見渡す限り広がる草原、そして雲一つ無い晴天の下、俺は立っていた。そよ風が優しく頬を撫でる。
なぜかはわからない。気がついたら立っていたのだ。


『お兄ちゃん!』

『…!』


後ろから声が聞こえた。俺のことをこう呼ぶのは一人だけだ。


『智乃…』

『えヘヘっ』


智乃の無邪気に笑う姿はまだまだ幼い。しかし、それよりも気になることがある。


『なぁ智乃、ここはどこだ?』

『さぁどこでしょう?』


質問したのに、し返されてしまう。だが知っているような口調だから、少し問い詰めてみよう。


『もったいぶらずに教えてくれよ?』

『そうだなぁ・・・私を鬼ごっこで捕まえたら、教えてあげるよ』


何でそうなるんだろう。
けど仕方ない。訳のわからないまま、俺はその鬼ごっこに興じることにした。


『それじゃあ逃げるよ。鬼さん、捕まえてね』

『おう』


小学生の妹に負けるほど、足は遅くないつもりだ。すぐに捕まえて、ここがどこか教えてもらおう。



『…え?』



さぁ走りだそうとしたその時、俺の視界には奇妙な光景が映った。なんと智乃が数十人、数百人という規模で草原中に居るのだ。これではどれを捕まえればいいのかわからない。

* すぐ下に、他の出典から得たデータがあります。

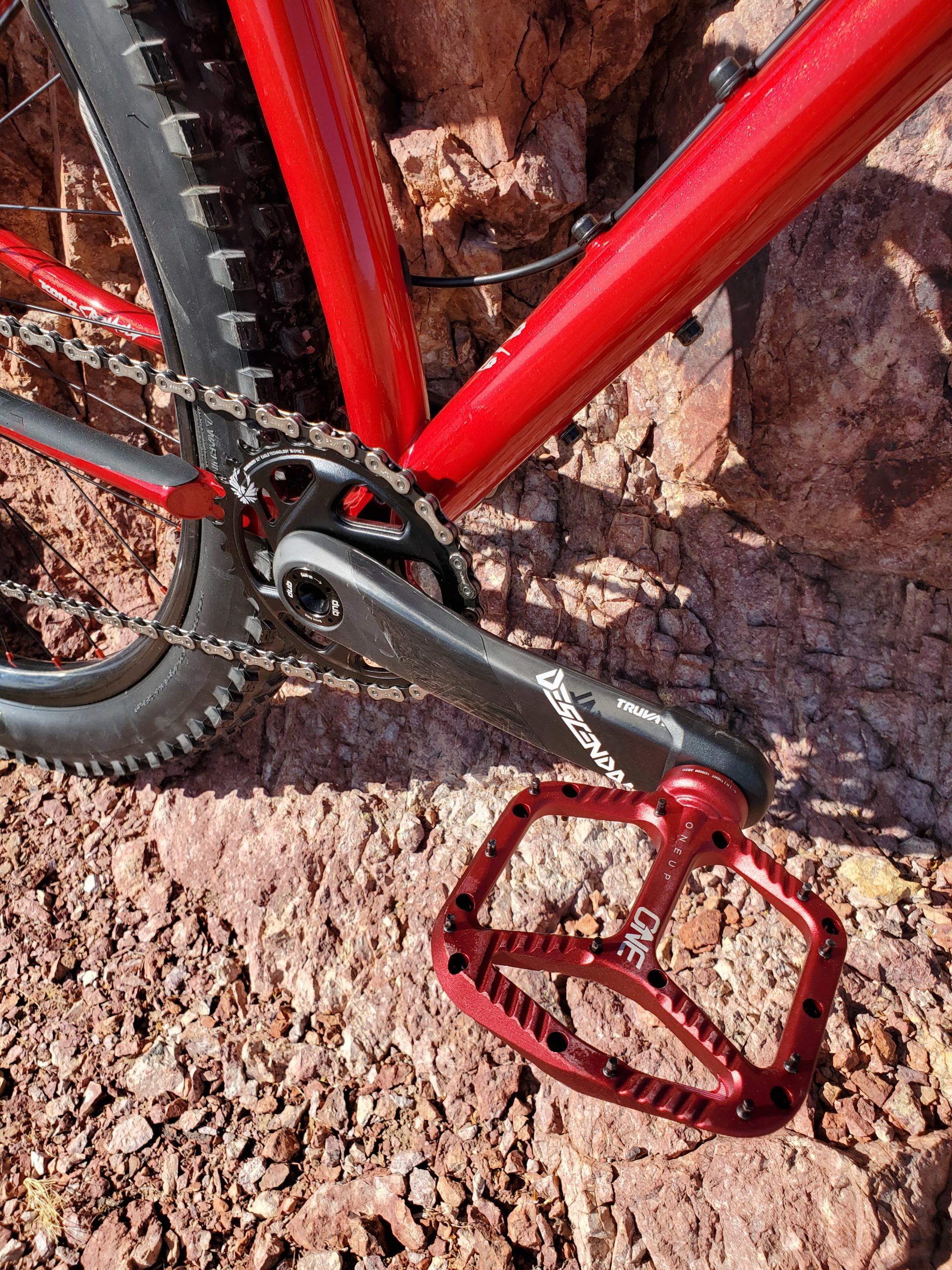 Some classic carbon SRAM Descendant cranks combined with OneUp’s alloy pedals power the ESD…
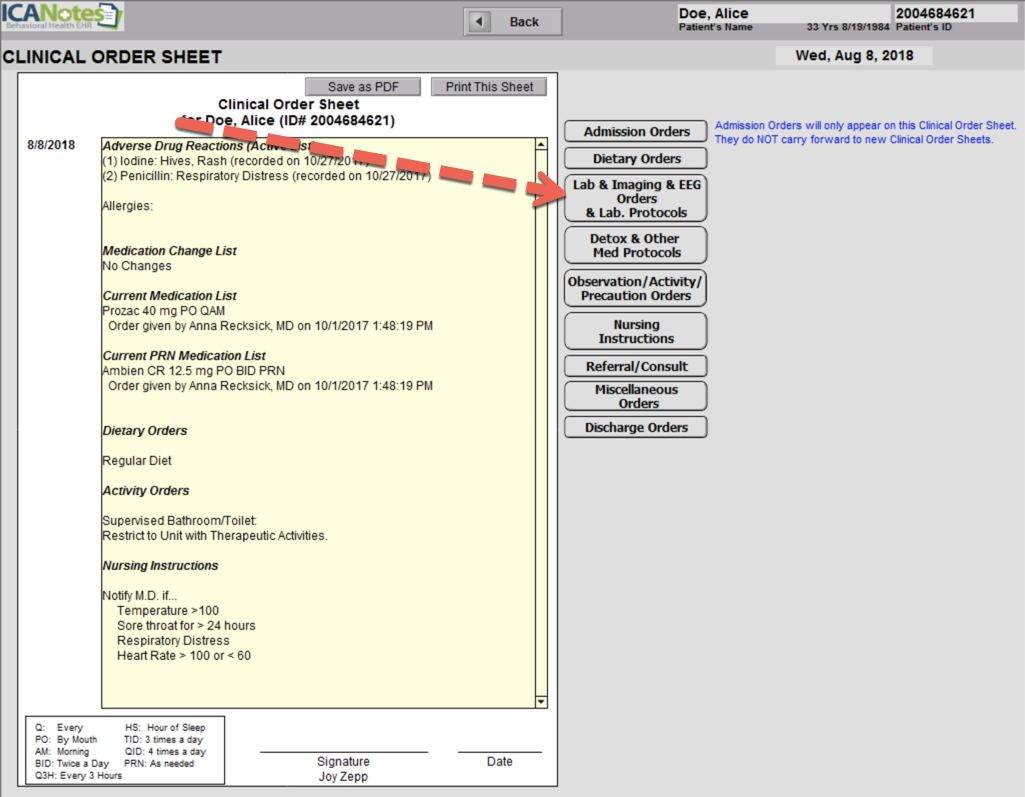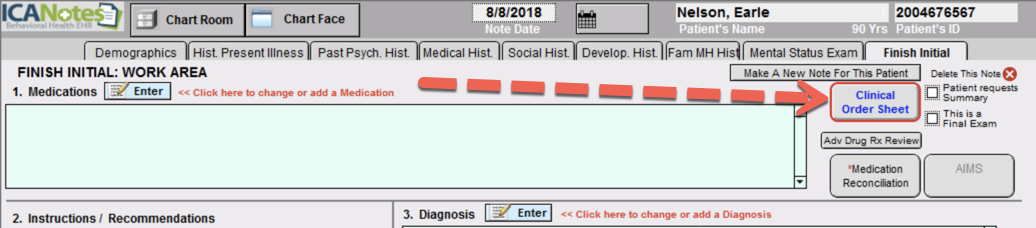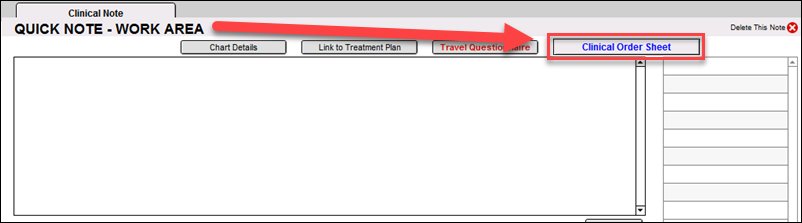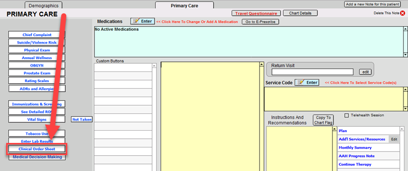 Anyone can order a lab as long as it has the provider's name as the ordering physician. The following note types have direct access to the Clinical Order Sheet: Complete Assessment, Prescriber Progress Note, Nursing Note, Primary Care Note, and the Quick Note.
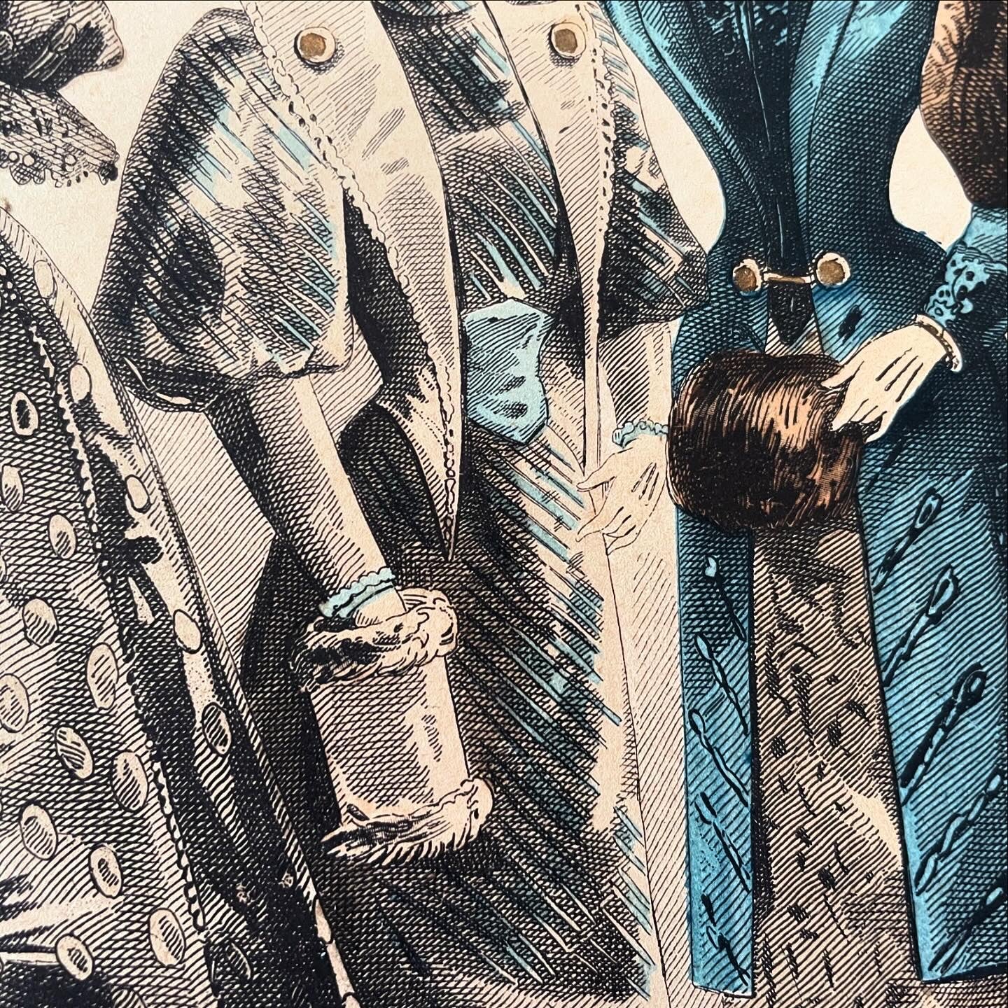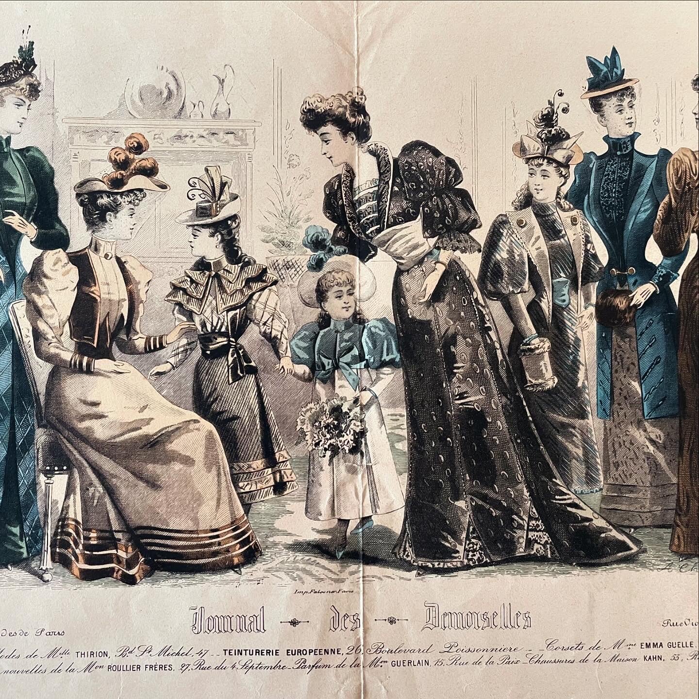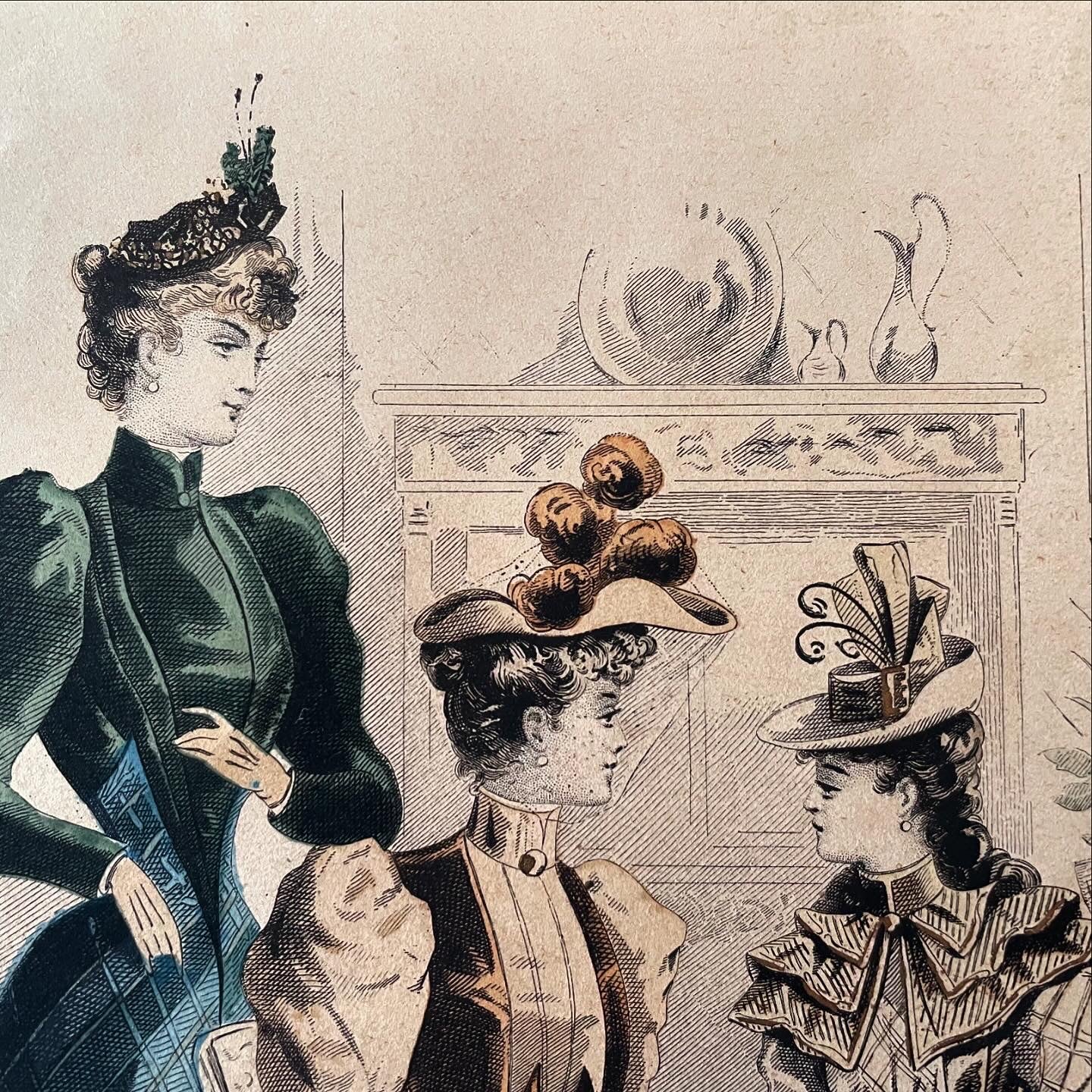 In the first photo you can see where we found it ... we only took the large print and not the frame; now we offer it to you in all its beauty and in all its Antiquity - it is from 1892, as reported at the bottom. This large millinery work measures 40 x 28 cm. Signed, it presents us with the elegance of timeless accessories and clothes: printed exclusively for the Journal des Demoiselles, in the lower part it reports the prestigious names of those who supplied fabrics, dressing tables, make-up, hats - commendable names such as Guerlain, to give an example. Wonderful to frame and display in an atelier.

いや待て、それよりもまずなぜ智乃がこんなにも居るのだ? それこそおかしいだろう。
俺は夢か幻でも見ているのだろうか?


『『『鬼さんこちら、手の鳴る方へ』』』


智乃の声が何重にも重なって聴こえてくる。この事態に、さすがに俺は恐怖を感じた。


『お兄ちゃん』『お兄ちゃん』『お兄ちゃん』・・・・。


俺は耳を塞いだ。が、それでも聴こえてくる。


『お兄ちゃん』『お兄ちゃん』『お兄ちゃん』・・・・。


待て、やめてくれ。これは俺の知ってる智乃じゃない。智乃の姿をした"何か"だ。


『や、やめてくれ…』


こうなると、もはや鬼ごっこどころではない。俺は怯えきって、追いかけるどころか動くこともできなかった。


『やめろ!』


俺は必死に叫んだ。だがその声は彼女たちの幾重もの声にかき消されていく。


『お兄ちゃん』

『う、うぁ、うぁぁぁぁ!!』


もう我慢の限界だった。妹に向かって兄は発狂した。


『お兄ちゃん』

『う、あぅ…』


智乃が名前を読んでくる。俺はうめくことしかできない。


『お兄ちゃん』

『ごめんなさい…』


もう俺は必死に謝っていた。こんなのもう悪夢としか言いようがない。夢なら早く醒めてくれ。智乃を返してくれ・・・!